最後に、訃報を一つ。昨日の『朝日新聞』さんの朝刊を開いて目に入り、あらら……という感じでした。 

小峰紀雄さん死去

 小峰紀雄さん(こみね・のりお=小峰書店社長、元日本書籍出版協会理事長)10日、肝不全で死去、79歳。葬儀は近親者で行った。後日、お別れの会を開く予定。
 児童書専門の同社で、原爆の惨状を伝える絵本「ひろしまのピカ」(丸木俊著)などの編集、出版を手がけた。

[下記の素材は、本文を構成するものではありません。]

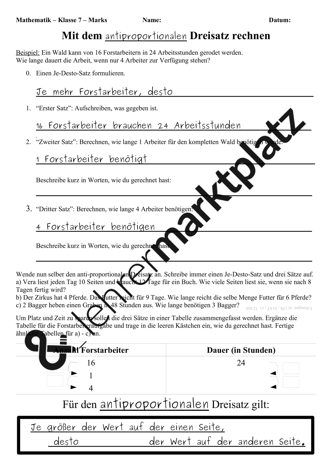 Antiproportionale zuordnung beispiel. Doppelt so viel handwerker halb so viel zeit. Anti proportionale zuordnung üben aufgabe. Für eine antiproportionale zuordnung x longmapsto y gilt also. Im matheunterricht sollen gruppen gebildet werden.
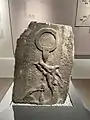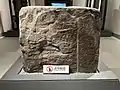 重慶市博物館所保存的左側闕身殘段,高80公分,面寬及進深尺度與右闕相應部位相同.除了柱形,右側面刻青龍銜璧,左側面刻伏羲捧日。
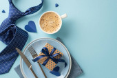 Zdjęcie "Zacznij dzień ojca od śniadaniowej niespodzianki dla taty! Górny widok kanapka, poczta w kształcie serca, kawa, akcesoria, krawat, okulary, niebieskie tło z tekstem lub przestrzeni reklamowej" może być wykorzystywane do celów osobistych i komercyjnych zgodnie z warunkami zakupionej licencji Royalty-free. Obraz jest dostępny do pobrania w jakości wysokiej rozdzielczości do 5760x3840.
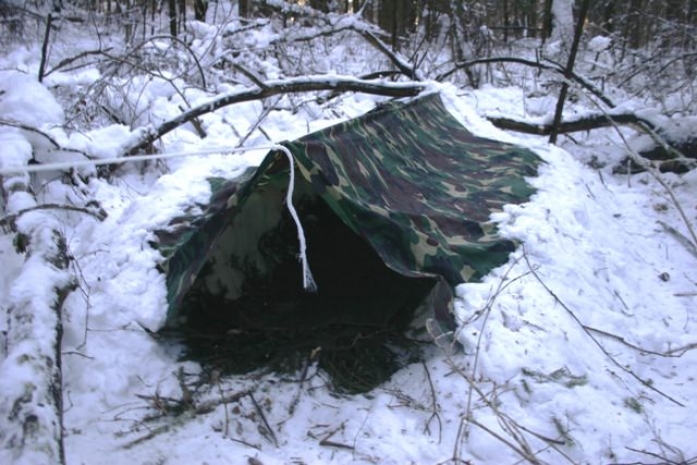 Сооружения были построены в ходе тренировки в зимнем лесу
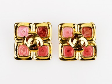 with central Chanel logo and coloured stones, gold plated, clip-on, with original box (2) -
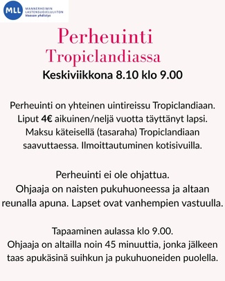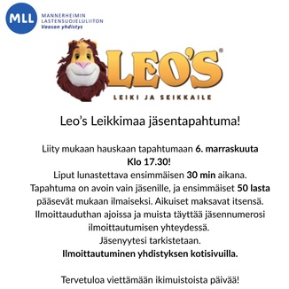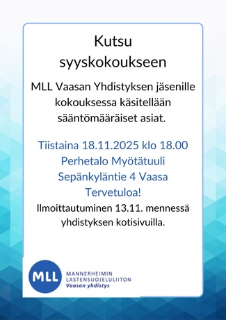 Paikat ovat täynnä. Peruthan paikkasi mikäli et pääse paikalle! Sähköpostilla osoitteeseen: vaasanyhdistys@mll.fi
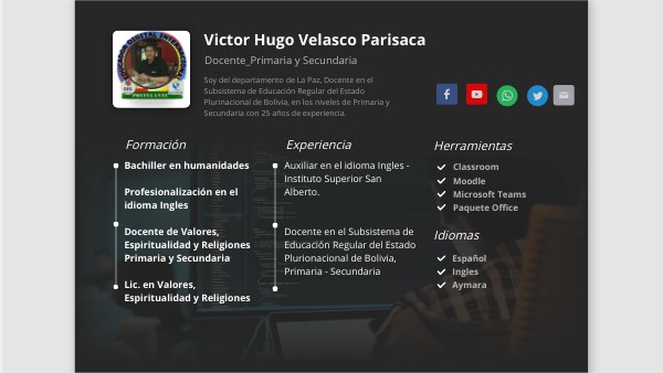 Soy del departamento de La Paz, Docente en el Subsistema de Educación Regular del Estado Plurinacional de Bolivia, en los niveles de Primaria y Secundaria con 25 años de experiencia.
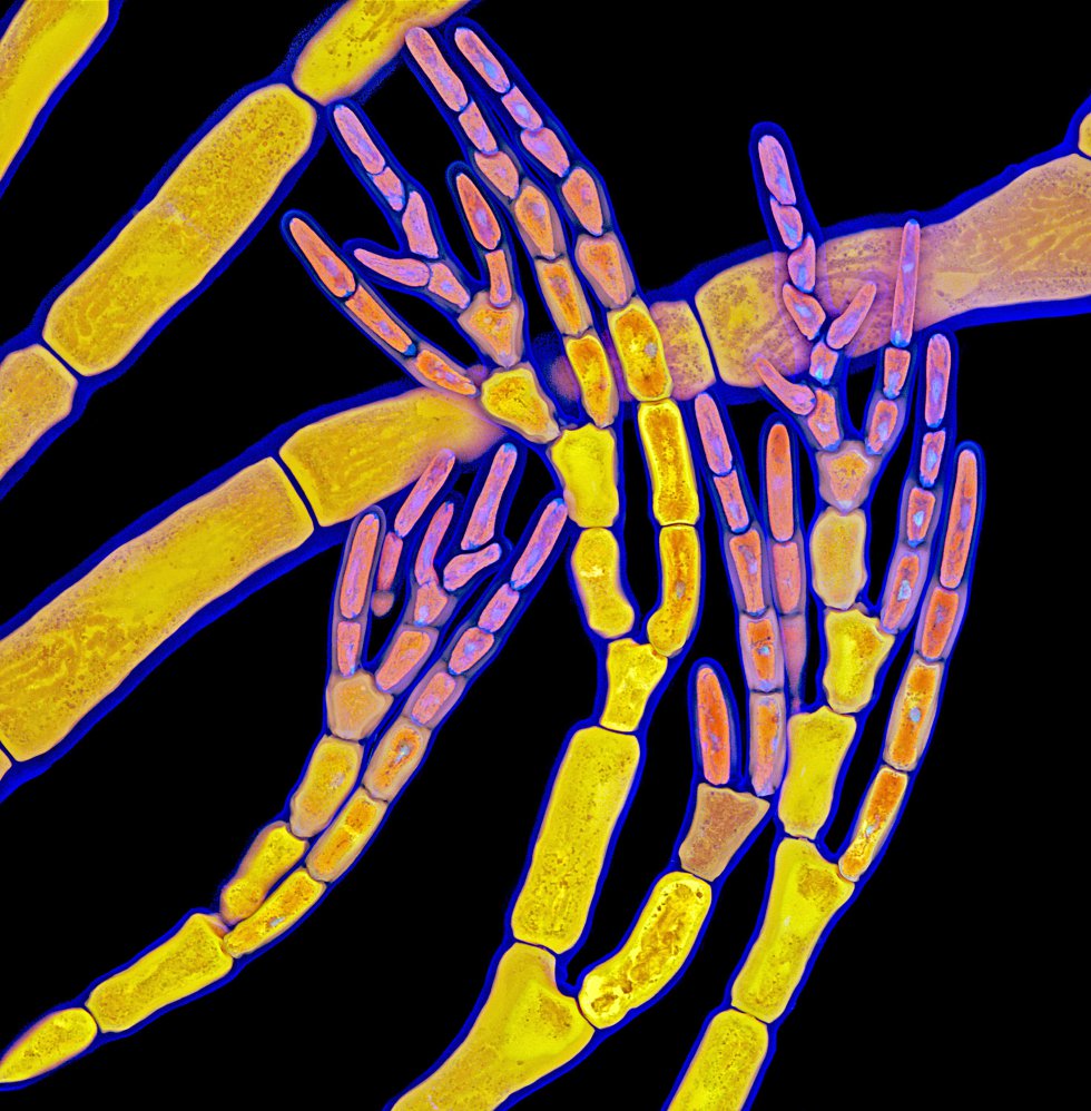 Esporas e hifas (filamentos) multinucleadas de un hongo de suelo. Universidad de Ottawa / Cedida por Nikon Small World
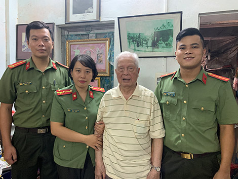 | Đồng chí Phạm Gia Đốc cùng các chiến sĩ cảnh sát bảo vệ. |

小峰書店さんからは、教育評論家の遠藤豊吉氏の編集による「若い人に贈る珠玉の詩集」、『日本の詩』全10巻が刊行されています。おそらく日本全国津々浦々ほとんどの小中学校さんの図書室に完備されているのではないでしょうか。全10巻中の「わたし」、「あい」、「しぜん」に、光太郎の詩が掲載されています。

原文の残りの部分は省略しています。